There *is* a workaround for non-tagged widescreen if you use and RW disk and add your computer to the mix.

1. Leave the HDTiVo set to 16:9 and record as normal to and RW disk.

2. Read the squished video into Womble Mpeg Video Wizard on your PC. You can use this to quickly edit out commercials etc if necessary.

3. Export the video, but manually set the tag to 16:9.

4. Author and Burn the resultant video with any decent programs that are widescreen aware.

MVW streams the unedited mpeg file with no re-encoding, so the process is very fast. Changing the format tag takes no *real* time at all.

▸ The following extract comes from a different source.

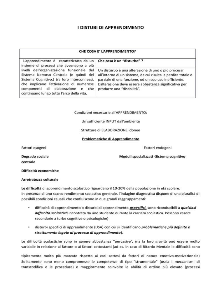 I DISTUBI DI APPRENDIMENTO CHE COSA E’ L’APPRENDIMENTO? L’apprendimento è caratterizzato da un insieme di processi che avvengono a più livelli dell’organizzazione funzionale del Sistema Nervoso Centrale (e quindi del Sistema Cognitivo,) tra loro interconnessi, che implicano l’attivazione di numerose componenti di elaborazione e che continuano lungo tutto l’arco della vita. Che cosa è un “disturbo” ? Un disturbo è una alterazione di uno o più processi all’interno di un sistema, da cui risulta la perdita totale o parziale di una funzione, od un suo uso inefficiente. L’alterazione deve essere abbastanza significativa per produrre una “disabilità”. Condizioni necessarie all’APPRENDIMENTO: Un sufficiente INPUT dall’ambiente Strutture di ELABORAZIONE idonee Problematiche di Apprendimento Fattori esogeni Degrado sociale centrale Fattori endogeni Moduli specializzati -Sistema cognitivo Difficoltà economiche Arretratezza culturale Le difficoltà di apprendimento scolastico riguardano il 10-20% della popolazione in età scolare. In presenza di uno scarso rendimento scolastico generale, l’indagine diagnostica dispone di una pluralità di possibili condizioni causali che confluiscono in due grandi raggruppamenti: • difficoltà di apprendimento o disturbi di apprendimento aspecifici, sono riconducibili a qualsiasi difficoltà scolastica incontrata da uno studente durante la carriera scolastica. Possono essere secondarie a turbe cognitive o psicologiche) • disturbi specifici di apprendimento (DSA) con cui si identificano problematiche più definite e strettamente legate al processo di apprendimento). Le difficoltà scolastiche sono in genere abbastanza “pervasive”, ma la loro gravità può essere molto variabile in relazione al fattore o ai fattori sottostanti (ad es. in caso di Ritardo Mentale le difficoltà sono tipicamente molto più marcate rispetto ai casi sottesi da fattori di natura emotivo-motivazionale) Solitamente sono meno compromesse le competenze di tipo “strumentale” (ossia i meccanismi di transcodifica e le procedure) e maggiormente coinvolte le abilità di ordine più elevato (processi inferenziali, capacità di pianificazione, processi di autoregolazione) coinvolte negli apprendimenti più complessi (comprensione e produzione del testo, problem-solving). Riconosciamo in termini aspecifici come difficoltà di apprendimento “stati che, singolarmente o compresenti nella medesima persona, talvolta nello stesso gruppo familiare, possono indurre esitazioni, frequenza di errori, rifiuti o costanti insufficienze nel padroneggiare competenze”. Tali difficoltà sono riconducibili, come evidenziato nella sottostante tabella, ad una serie di tipicità individuali: (CRISPIANI P., Dossier DSA 2008, Libreria Universitaria Floriani, Macerata, 2009, p. 7) • RITARDO MENTALE Condizione di handicap che produce inevitabilmente difficoltà di apprendimento.Il fenomeno attiene alla qualità delle funzioni intellettive umane, quindi all’efficacia ed all’efficienza dell’intelligenza. L’elemento che caratterizza principalmente questa condizione è costituito da un funzionamento intellettivo quantitativamente al disotto della media, cui sono associate limitazioni in due o più fra le seguenti aree d’abilità intellettiva: comunicazione, cura personale, vita in casa e nella comunità, abilità sociali, salute e sicurezza, autogestione, abilità scolastiche funzionali, tempo libero e lavoro. DISTURBO DELLA SIMBOLIZZAZIONE Condizione in cui si riscontrano lievi o gravi difficoltà negli apprendimenti che comportano processi simbolici ossia che implicano il riconoscimento di icone, codici, lettere (per esempio, la letto-scrittura, processi matematici, fisici, ecc). Il disturbo della simbolizzazione si manifesta nella forma della: - asimbolia (incapacità nell’attribuire significato ai simboli), - insufficienza simbolica (lentezza nell’attribuire significato ai simboli). FORTE DEMOTIVAZIONE: Condizione presente in svariate situazioni ambientali o soggettuali. Si parla di situazione socioculturale svantaggiata quando la situazione economica, il grado di istruzione dei genitori e il livello di stimolazioni sensoriali, linguistiche, relazionali, intellettive, offerte al bambino è tanto basso da comportare minori opportunità di apprendimento. A volte può influire negativamente anche la zona di residenza, si pensi per esempio ad aree isolate di campagna, montagna o zone dove il tasso di dispersione scolastica è molto alto. FORTE DIVERSITÀ CULTURALE Condizione connessa alle migrazioni, alle adozioni internazionali, all’appartenenza a minoranza culturali e/o linguistiche. Per esempio un bambino che proviene da una comunità con lingua e costumi profondamente differenti dalla nostra, quasi certamente incontrerà forti difficoltà a seguire l’attività scolastica e difficilmente troverà aiuto in famiglia. SCARSA COMPETENZA LINGUISTICA Condizione connessa alla forte diversità culturale, alle condizioni di bilinguismo o di poliglossia oppure a consistenti logopatie. DISTURBI DEL COMPORTAMENTO Varie sindromi comportamentali possono mettere in difficoltà i processi apprenditivi, (ad es. l’ADHD o disturbo da deficit di attenzione,disturbi neuro-motori gravi, consistenti ipercinesie, disturbi mentali e di personalità). La % di bambini o adolescenti con DA che abbandonano la scuola è stimata intorno al 40%. • Il 10-25% dei soggetti con disturbo della condotta, disturbo oppositivo/provocatorio, disturbo da deficit di attenzione/iperattività, disturbo distimico, sono affetti da DA. L’intervento nei casi di difficoltà di apprendimento è estremamente diversificato in funzione del fattore o dei fattori sottostanti. Diversamente dalle difficoltà di apprendimento, si hanno DSA, identificabili in forma propria, quale sindrome primaria, non espressione derivata di altre condizioni patologiche o disabilità. La principale caratteristica che permette

I know it adds more steps to your current simple process, but the final result is an anamorphic widescreen disc. No real difference to a 4:3 set, but better resolution for a 16:9 set.


----------



## dirk1843 (Jul 7, 2003)

Since we are talking about this kind of stuff...............

In theory, should an ucompressed full bandwidth SD (480i) picture look as good as an HD one DOWNREZZED to 480i??


----------



## rockon1 (Dec 15, 2005)

misterdk said:


> I just brought home my new DVD recorder. I went for the L/G LRY-517. I read some favorable reviews on the unit and it seems to have just about all the currently available bells and whistles. I'll let the Forum know how it performs for me. Another comment....and I'm probably not the first to say it, but, I'm pretty disappointed in the HD picture quality. It is not "stunningly vibrant beyond my wildest expectations..." or words to that effect. But I'll give it time. I'm using the Hughes HR10-250 HDDVR with a Phillips 37" HD LCD TV. I connect the DVR to TV via the HDMI cable and I'm using a digital optical audio cable into my Yamaha HTR-5740 receiver. I'd like to hear other opinions about the HD quality that you are receiving. I didn't really expect "night and day" difference but I was hoping.......
> Thanks for the tips and comments.


 I also find that I get a better picture through component than HDMI, weather thats because of my tv's HDMI input or the 10-250 output, I don't know, I would lean towards the 10-250. Tv is a mitsubishi DLP.


----------



## gohawks63 (Apr 23, 2005)

misterdk said:


> Thanks for the responses guys. Yeah, I was reading the manual (shocking, I know) last night and Lo and Behold on page 81 it says, "just connect a DVD recorder instead of a vcr and use the save to vcr procedure.......". Needless to say I was shocked. It remains to be seen if it really works as claimed. Does it matter if you use -R or +R blank disks, anybody know?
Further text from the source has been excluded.